4 minutes
SQL - Getting oldest/youngest from associated table
Goal: Gettting the most recently changed record of a “child” table, per “parent” table.
This is, by no means, advanced SQL wizardry. Still, it may be handy to some people. By the way, this post uses PostgreSQL but it would be basically the same for MySQL and others.
For the example I’ll use the concept of API and API Version. Essentially, we want to build a query that returns all APIs and their version that was most recently updated (another example could be to get users and their most recently updated order).
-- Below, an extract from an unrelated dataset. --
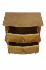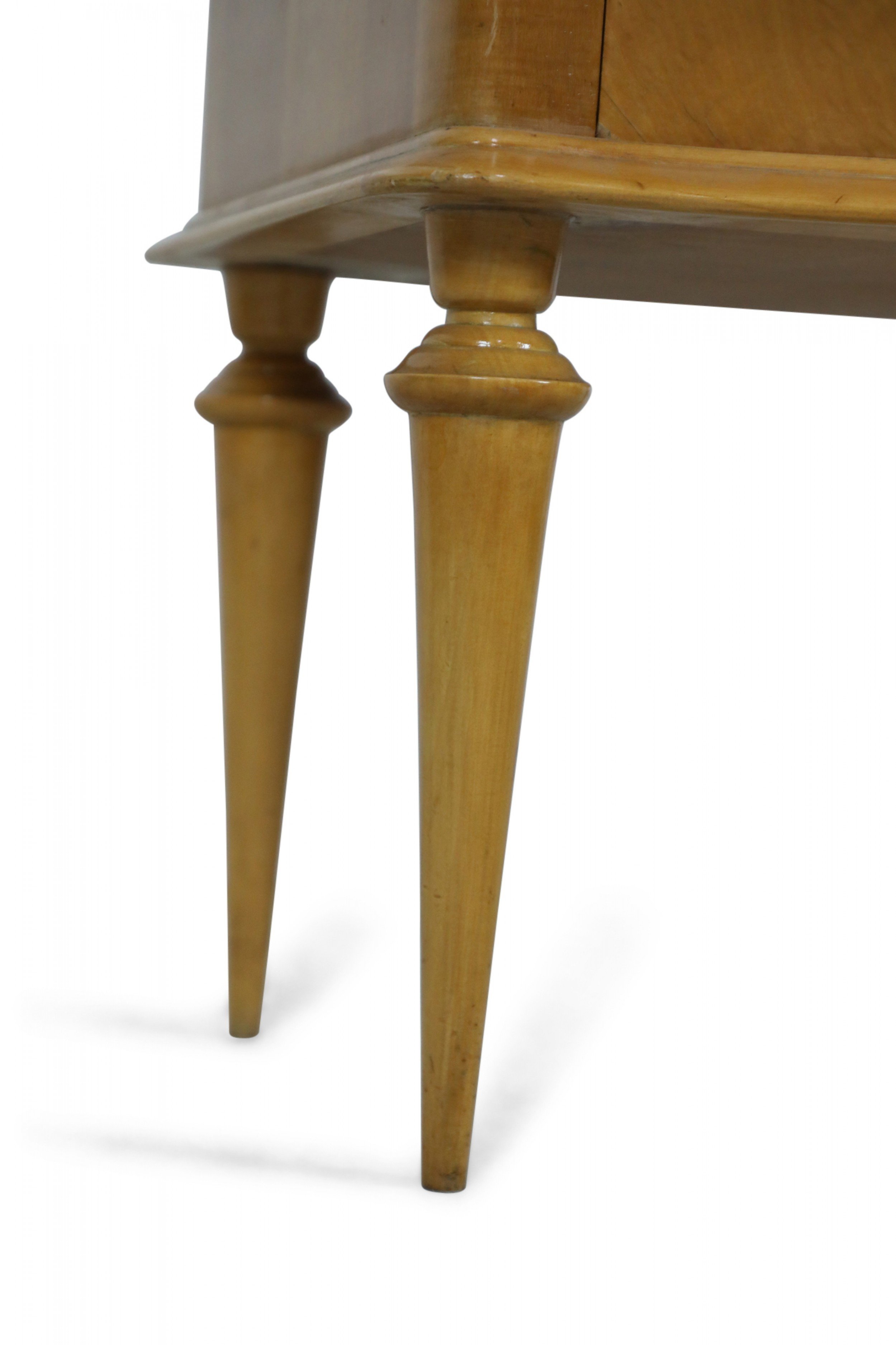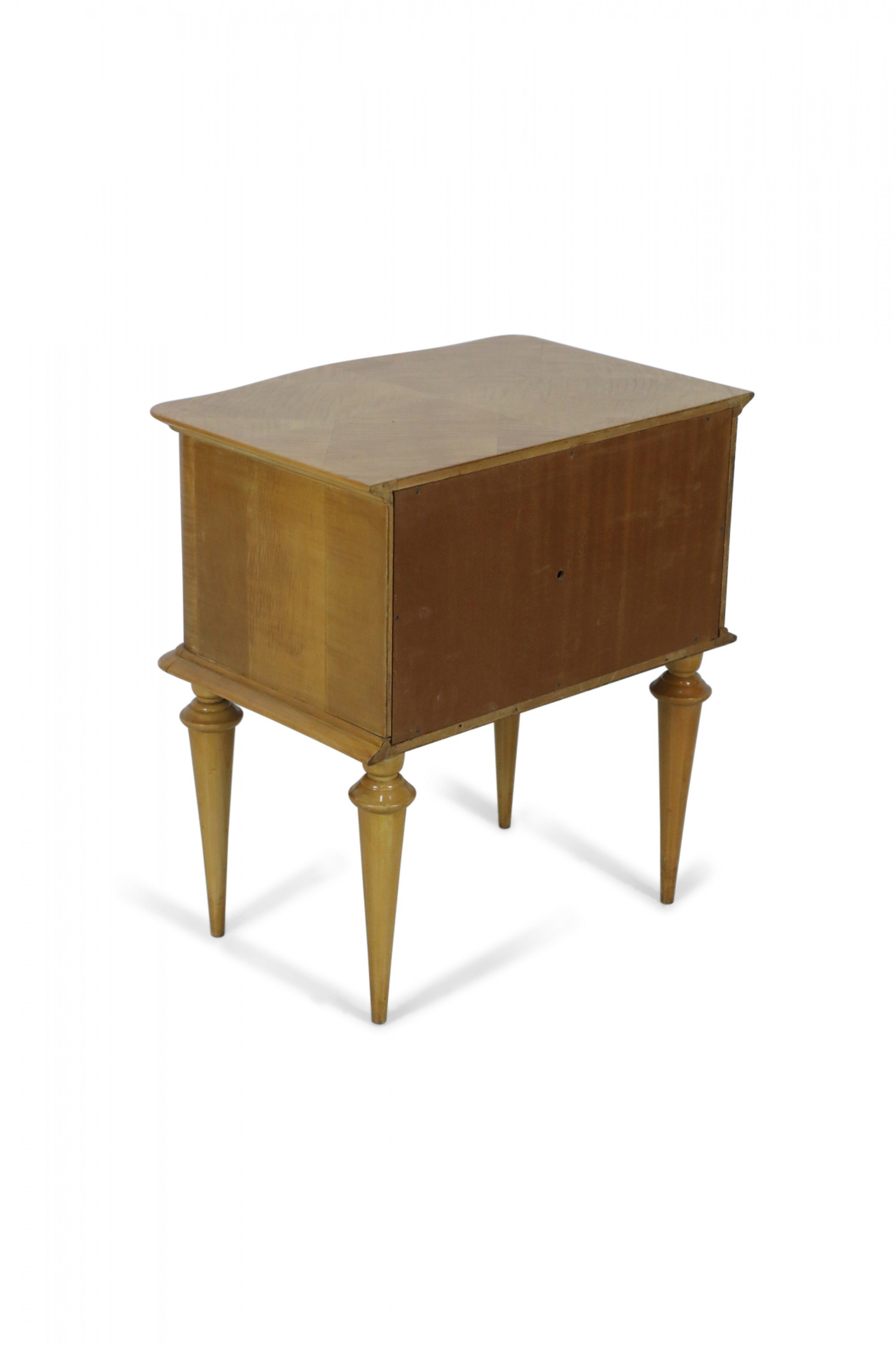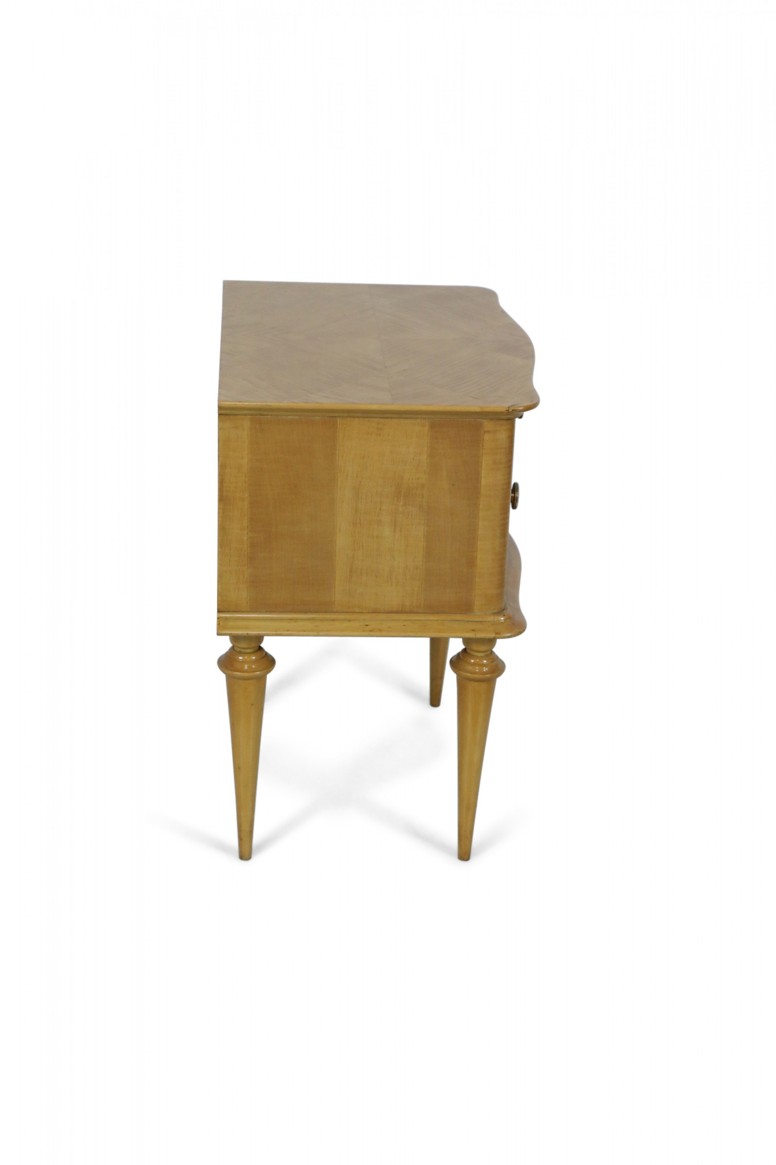 PAIR of French Mid-Century (1940s) maple two-drawer bedside commodes with parquetry pattern veneer, bronze drawer pulls and trim supported on fluted tapered legs. (PRICED AS PAIR).

Here’s our sample schema and data:
CREATE TABLE apis (
id SERIAL PRIMARY KEY,
name TEXT UNIQUE,
updated_at TIMESTAMP DEFAULT now()
);
CREATE TABLE api_versions (
id SERIAL PRIMARY KEY,
api_id INTEGER REFERENCES apis(id),
title TEXT,
version TEXT,
updated_at TIMESTAMP DEFAULT now()
);
INSERT INTO apis (name) VALUES
('petstore'),
('httpbin'),
('futurama');
INSERT INTO api_versions (api_id, title, version, updated_at) VALUES
(1, 'pets', 'v1.0.0', '2019-11-03 21:00'),
(1, 'pets', 'v2.0.0', '2020-11-08 21:00'),
(2, 'httbin v3', '3.10.1342', '2020-12-02 13:00'),
(2, 'httbin v3', '4.01.0002', '2019-07-01 13:00'),
(3, 'futurama v10', '10', '2018-01-31 09:00'),
(3, 'futurama v11', '11', '2020-06-24 09:00'),
(3, 'futurama v12', '12', '2019-02-21 09:00');
An the expected result:
id | name | title | version | updated_at
----+----------+--------------+-----------+---------------------
1 | petstore | pets | v2.0.0 | 2020-11-08 21:00:00
2 | httpbin | httbin v3 | 3.10.1342 | 2020-12-02 13:00:00
3 | futurama | futurama v11 | 11 | 2020-06-24 09:00:00
WHERE Subquery
Straightforward approach. Makes use of a WHERE clause to filter by the updated_at
field of api_versions
, by the maximum value of updated_at
.
A potential problem would be if two API versions had the same update timestamp. Highly unlikely but still worth considering. However, since we’re trying to get the most recent version and two would have the same timestamp, it doesn’t really matter which one is selected. This may not be the case in other situations.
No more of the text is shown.